In this lesson, we’ll learn about outgroup homogeneity, including how it compares to ingroups. Learn more about the effects of outgroup homogeneity from examples, and test your knowledge with a quiz.
Suppose that Sarah and Janet are two college friends. Both are also on their school’s volleyball team. Sarah has just found out that Mike, her boyfriend of two years, cheated on her with another female student. Upon hearing the news, Sarah tells Janet, ‘Men are all the same, but us women are different. I bet Mike will never find another girlfriend as good as me.
‘Sarah and Janet are a part of the same ingroup, a group that a person is a loyal member of and strongly identifies with. Sarah and Janet are both women (ingroup) and volleyball players (ingroup).

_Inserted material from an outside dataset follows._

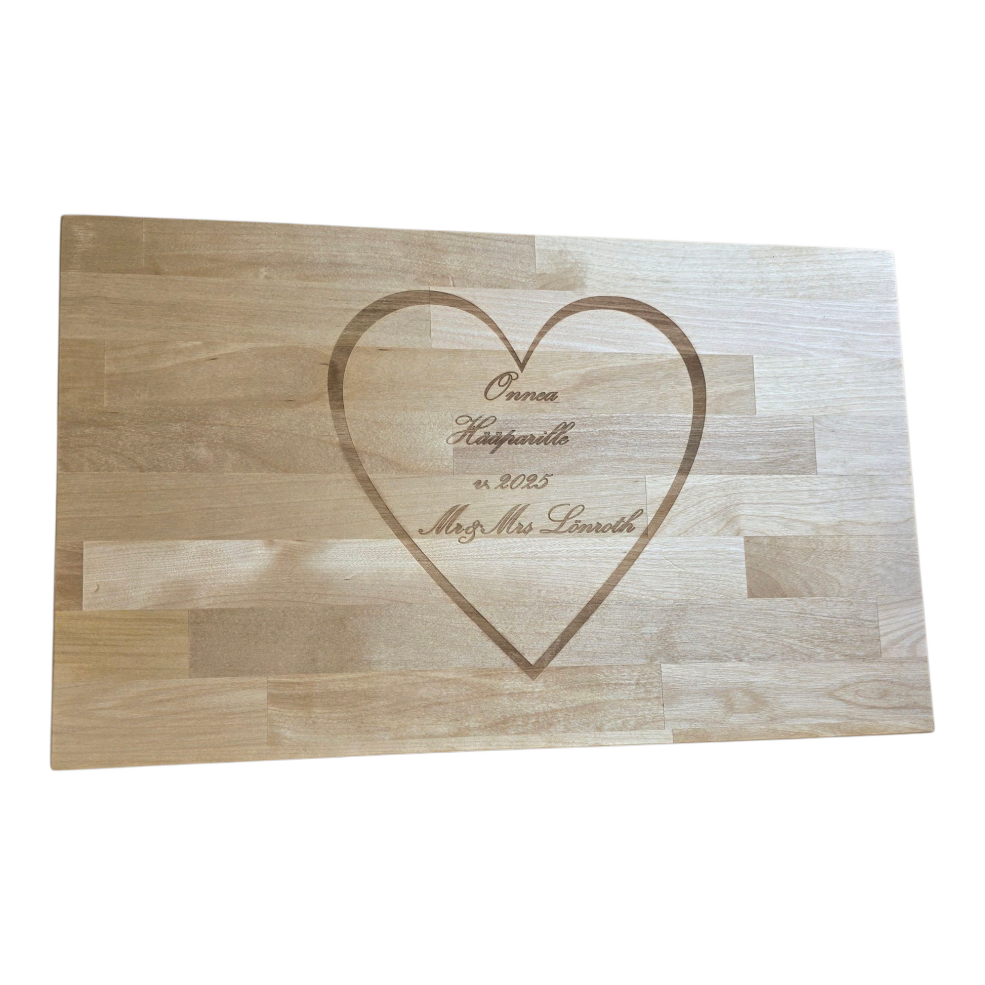 Koivusta valmistetut kauniit leikkuulaudat itselle tai lahjaksi. Mikä olisikaan paras lahja saada kuin oma tärkeä päivä ikuistettuna nimellä ja päivämäärällä. Häät, valmistujaiset, rippijuhlat jne. Tuote käsitelty parafiiniöljyllä. Muistathan nämä yksilöidyt tuotteet, eivät sisällä palautus mahdollisuutta.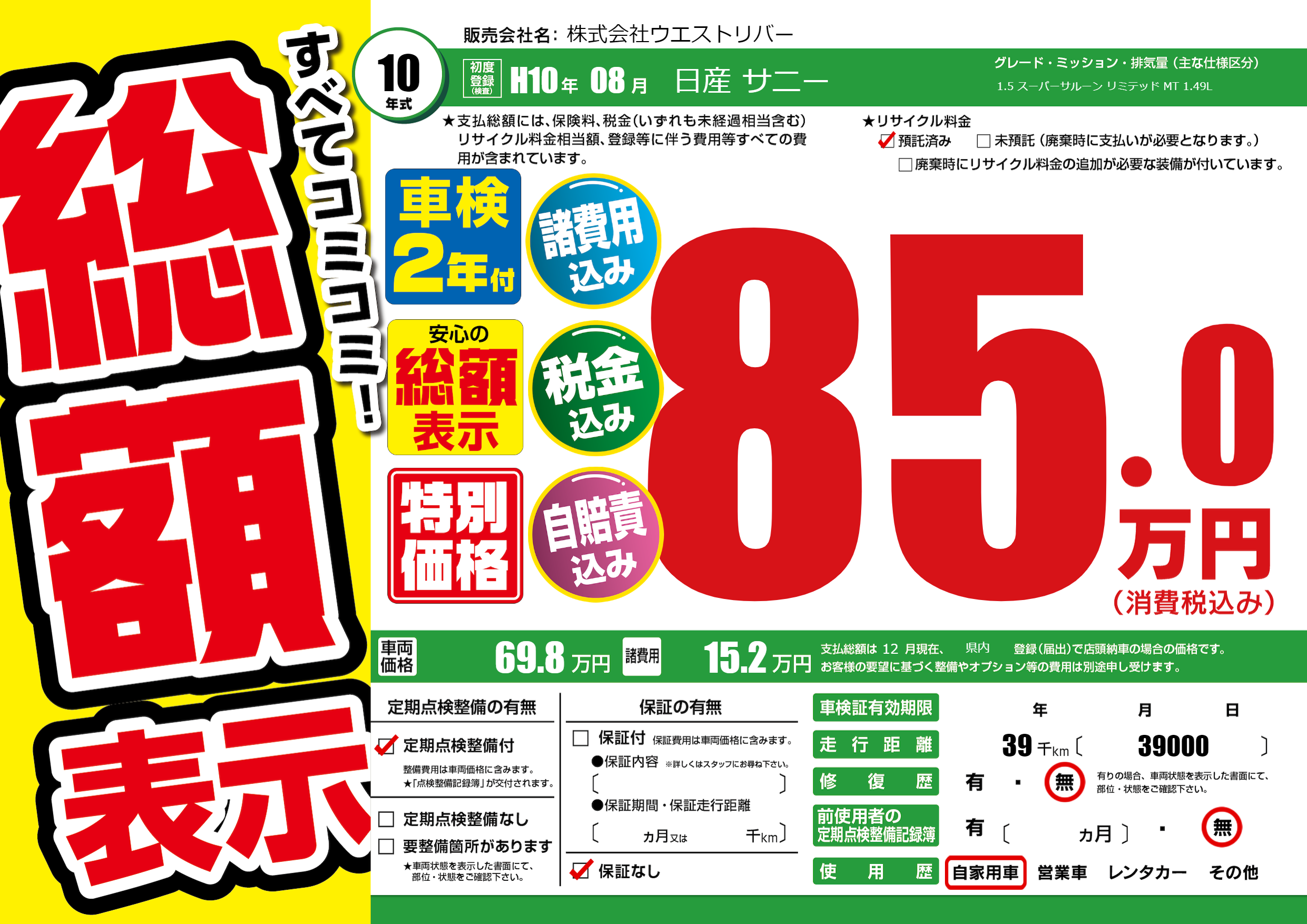 | 車名 | 日産 サニー | グレード ミッション 排気量 |

Once people identify themselves as belonging to an ingroup, they start to perceive differences between the ingroup members and the members of other groups.Everyone who is not a part of the ingroup belongs to an outgroup, a group that a person has no loyalty to and is not a member of. Since Sarah and Janet are both women, an outgroup for them is men.
Since Mike is a man, he would be a part of the outgroup from Sarah and Janet’s perspective.So what is outgroup homogeneity? Simply put, it is the tendency for us to view members of outgroups as being more similar, or homogeneous, than members of ingroups that we belong to. Let’s look at Sarah’s statement more closely. Sarah perceives that men (an outgroup) are all the same; however, women (ingroup) are different. This is an example of outgroup homogeneity.Researchers at Princeton University conducted a study on outgroup homogeneity using four different student groups. Researchers found that students rated members of their own group as having a wider range of personality traits than they did members of the outgroup.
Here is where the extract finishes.